Fsck was showing the following:
"Inodes that were part of a corrupted orphan linked list found."
Manual fsck started with the following:
Inodes that were part of a corrupted orphan linked list found. Fix<y>?
Inode 165708 was part of the orphaned inode list. FIXED
Block bitmap differences: -(863328--863355)
Fix<y>?
What worries me is that almost all of the VM's (out of 500) were showing
the same error. And even some (+-10) were completely corrupt.
If you would do a hard reset of the VM's as a test (without storage
outage), the ratio of VMs that are corrupt and need manual fsck is WAY
lower.
Is there for example a chance that the filesystem gets corrupted the
moment the SAN storage was back accessible?
I also have some snapshot available of a corrupted disk if some
additional debugging info is required.
It would be great to gather some feedback on how to improve the
situation (next to of course have no SAN outage :)).
On KVM for example there is a unlimited timeout (afaik) until the
storage is back, and the VM just continues running after storage recovery.
I tried to reproduce the issue in our lab (by cutting the network to the
SAN from the ESXi), but we were unable to simulate the exact same
filesystem error.
Thanks
Jean-Louis
On Fri, Jan 24, 2020 at 11:57:10AM +0100, Jean-Louis Dupond wrote:
>
> There was a short disruption of the SAN, which caused it to be unavailable
> for 20-25 minutes for the ESXi.
20-25 minutes is "short"? I guess it depends on your definition / POV. :-)
> What was observed in the VM was the following:
> <hung task warning>
OK, to be expected.
>
> - After 1080 seconds (SCSi Timeout of 180 * 5 Retries + 1):
> [5878128.028672] sd 0:0:1:0: timing out command, waited 1080s
> [5878128.028701] sd 0:0:1:0: [sdb] tag#592 FAILED Result: hostbyte=DID_OK
> driverbyte=DRIVER_OK
> [5878128.028703] sd 0:0:1:0: [sdb] tag#592 CDB: Write(10) 2a 00 06 0c b4 c8
> 00 00 08 00
> [5878128.028704] print_req_error: I/O error, dev sdb, sector 101496008
> [5878128.028736] EXT4-fs warning (device dm-2): ext4_end_bio:323: I/O error
> 10 writing to inode 3145791 (offset 0 size 0 starting block 12686745)
>
> So you see the I/O is getting aborted.
Also expected.
> - When the SAN came back, then the filesystem went Read-Only:
> [5878601.212415] EXT4-fs error (device dm-2): ext4_journal_check_start:61:
> Detected aborted journal
Yep....
> Now I did a hard reset of the machine, and a manual fsck was needed to get
> it booting again.
> Fsck was showing the following:
> "Inodes that were part of a corrupted orphan linked list found."
>
> Manual fsck started with the following:
> Inodes that were part of a corrupted orphan linked list found. Fix<y>?

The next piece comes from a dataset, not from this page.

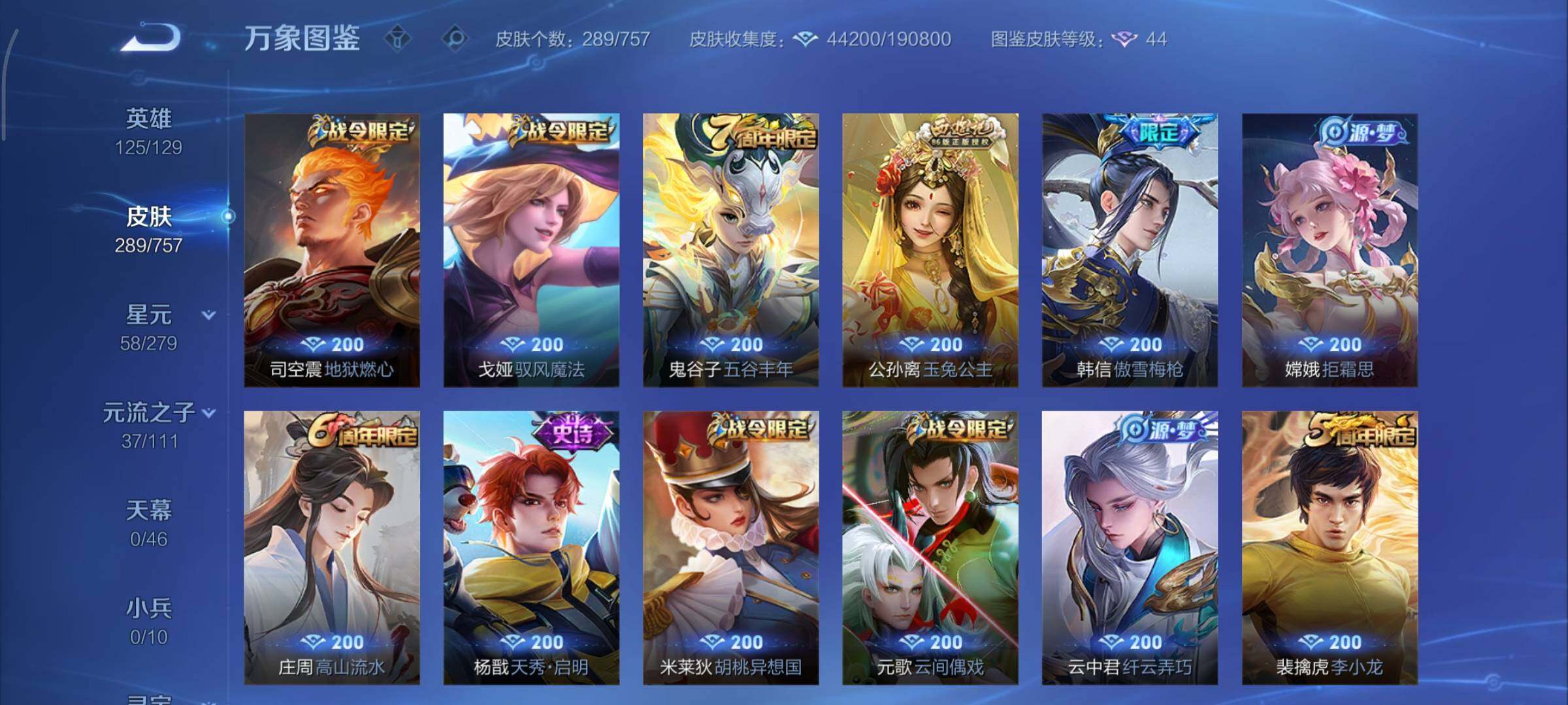 【荣耀典藏】:韩信弑枪猎影【无双皮肤】:韩信群星魔术团【珍品传说】:安琪拉酷洛米之心【星元皮肤】:宫本武藏幽冥之眼,孙悟空幽冥火【传
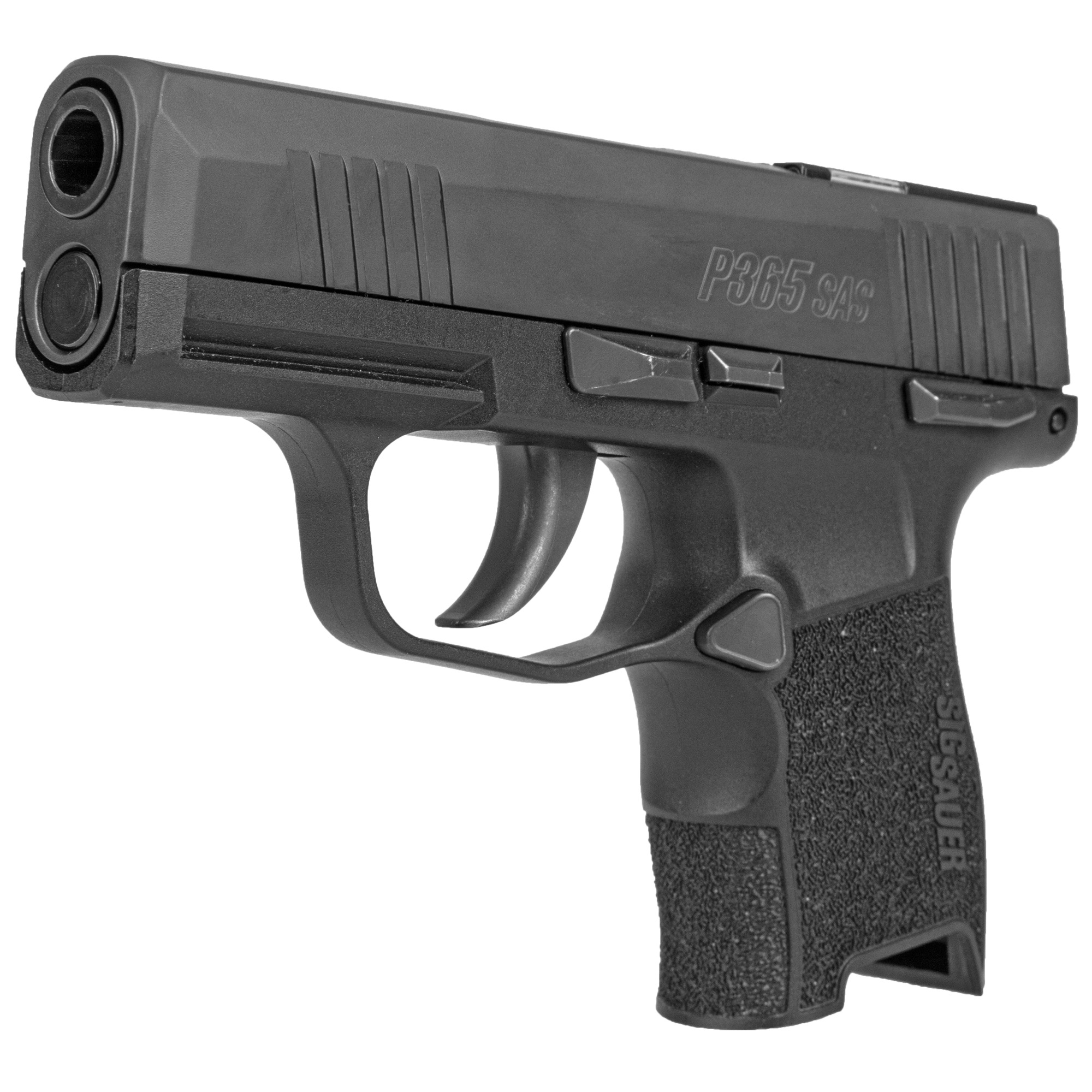 The P365SAS was designed for the serious CCW user who truly understands the value of smoother draws, faster sight acquisition, and more effective engagements at realistic distances. This pistol does just that by taking the concept of the SIG Anti Snag (SAS) treatment to a whole new level. With the incorporation of the FT Bullseye sight embedded into the slide, the P365SAS does away with the need of a primary snag hazard of all pistolsthe front sight. With the assistance of fiber optics during the day and tritium in low light, the user can now obtain a crystal clear high-visibility bullseye sight picture at real-world engagement distances faster than ever before. The flush slide catch and takedown levers ensure absolute smoothness and zero snag risk. After shooting the P365SAS, sights will never look the same.

> Inode 165708 was part of the orphaned inode list. FIXED
>
> Block bitmap differences: -(863328--863355)
> Fix<y>?
>
> What worries me is that almost all of the VM's (out of 500) were showing the
> same error.
So that's a bit surprising...
> And even some (+-10) were completely corrupt.
What do you mean by "completely corrupt"? Can you send an e2fsck
transcript of file systems that were "completely corrupt"?
> Is there for example a chance that the filesystem gets corrupted the moment
> the SAN storage was back accessible?
Hmm... the one possibility I can think of off the top of my head is
that in order to mark the file system as containing an error, we need
to write to the superblock. The head of the linked list of orphan
inodes is also in the superblock. If that had gotten modified in the
intervening 20-25 minutes, it's possible that this would result in
orphaned inodes not on the linked list, causing that error.
It doesn't explain the more severe cases of corruption, though.
> I also have some snapshot available of a corrupted disk if some additional
> debugging info is required.
Before e2fsck was run? Can you send me a copy of the output of
dumpe2fs run on that disk, and then transcript of e2fsck -fy run on a
copy of that snapshot?
> It would be great to gather some feedback on how to improve the situation
> (next to of course have no SAN outage :)).
Something that you could consider is setting up your system to trigger
a panic/reboot on a hung task timeout, or when ext4 detects an error
(see the man page of tune2fs and mke2fs and the -e option for those
programs).
There are tradeoffs with this, but if you've lost the SAN for 15-30
minutes, the file systems are going to need to be checked anyway, and
the machine will certainly not be serving. So forcing a reboot might
be the best thing to do.
> On KVM for example there is a unlimited timeout (afaik) until the storage is
> back, and the VM just continues running after storage recovery.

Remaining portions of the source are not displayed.